My research work has been on biologically inspired speech and audio signal processing. This involves understanding and modeling of the human auditory system and auditory attention mechanism to be used for speech analysis, speech understanding, and speech recognition purposes. In recent years, I have been also working on deep learning for speech recognition. My research interests cover:
- Speech and Audio Processing
- Speech Recognition
- Speech Analysis and
- Deep Learning
- Auditory Systems
- Human machine interaction
- Multi-modal systems
- Information Extraction from
- Machine Learning and Pattern
Projects while at Sony PlayStation (2010-2017):
At PlayStation, I did research and development for current and next-gen voice centric PlayStation products. I was part of the speech team which shipped ASR solution for PS4 console and released ASR SDK for game studios in 10+ languages for both close-talk and far-field situations. I got a chance to work and interact with game studios on voice centric game applications. My work was mainly focused on automatic speech recognition, robustness to noise and speaking styles, natural language understanding, and deep learning.
Sample Projects before 2010:
- Bio-Inspired Auditory Attention Models
During PhD, proposed novel biologically inspired auditory attention models and applied it to speech and audio problems successfully. For details, please see papers on
saliency-driven bottom auditory attention model and
top-down task-dependent model.
- Noise Adaptive Training for Robust ASR
Worked on noise adaptive training (NAT) that normalizes the environmental distortion as part of the acoustic model training for robust automatic speech recognition (in collaboration with Microsoft Research). Implemented NAT in HTK Toolkit and achieved state-of-the-art results on a noisy ASR task.
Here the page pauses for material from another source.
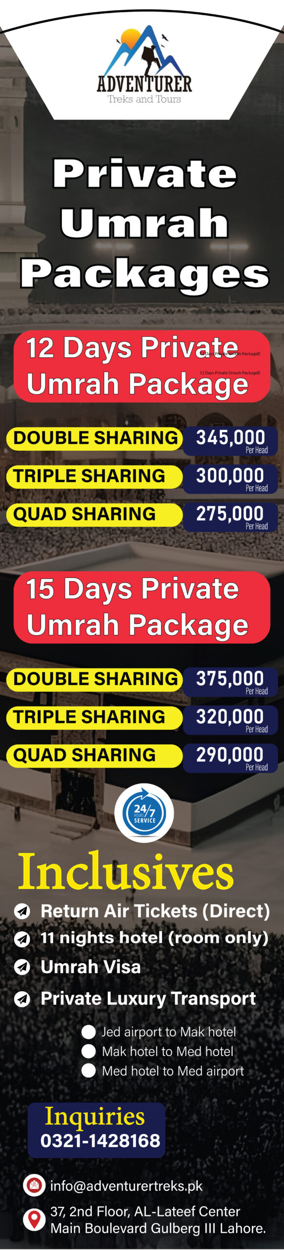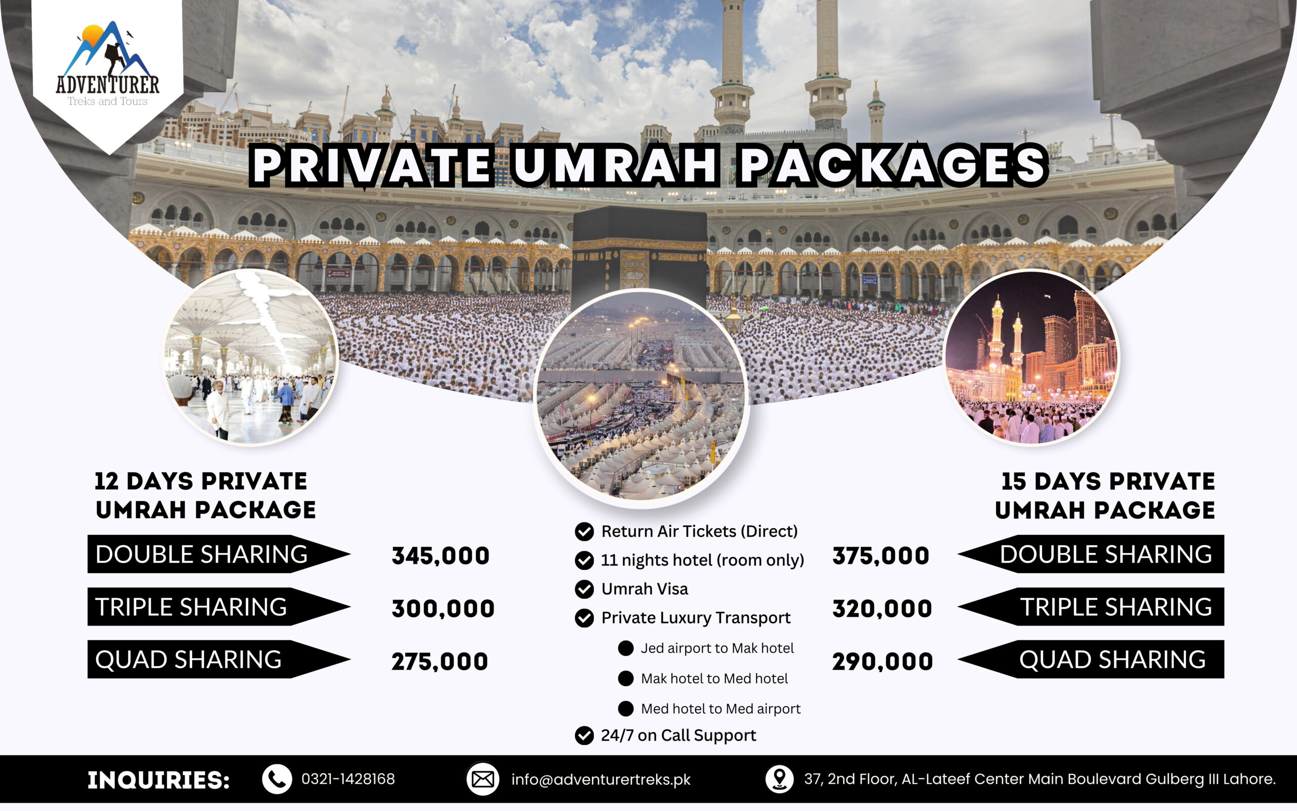 Embark on a deeply spiritual journey with our 12 & 15 Days Private Umrah Packages from Lahore and Islamabad. Designed for comfort and devotion, these packages include premium accommodation near the Haram, hassle-free visa assistance, and convenient transport services. Whether you’re traveling with family or individually, our personalized arrangements ensure a peaceful and memorable Umrah experience, allowing you to focus solely on your prayers and spiritual fulfillment.

SpeechLinks: A Speech-to-Speech Translation System Fall 2006-Fall 2009
Assisted with data collection, processing, and training acoustic models for
large vocabulary continuous speech recognition (LVCSR) in an English-to-Farsi speech translation
system (DARPA TRANSTAC).
- Adaptation of an Automatic Speech Recognizer Front-end
Implemented new front-end functions for Sphinx automatic speech recognizer toolkit
for SAIL lab research.
- IMSC-Media Streaming Project: Echo Cancellation Fall
Developed an echo cancellation algorithm based on the LMS algorithm for
IMSC's Streaming Media project for video-conferencing using C++.
- Underdetermined Source Separation 2003-2005
Worked on undertermined source separation while at Immersive Audio Lab at USC.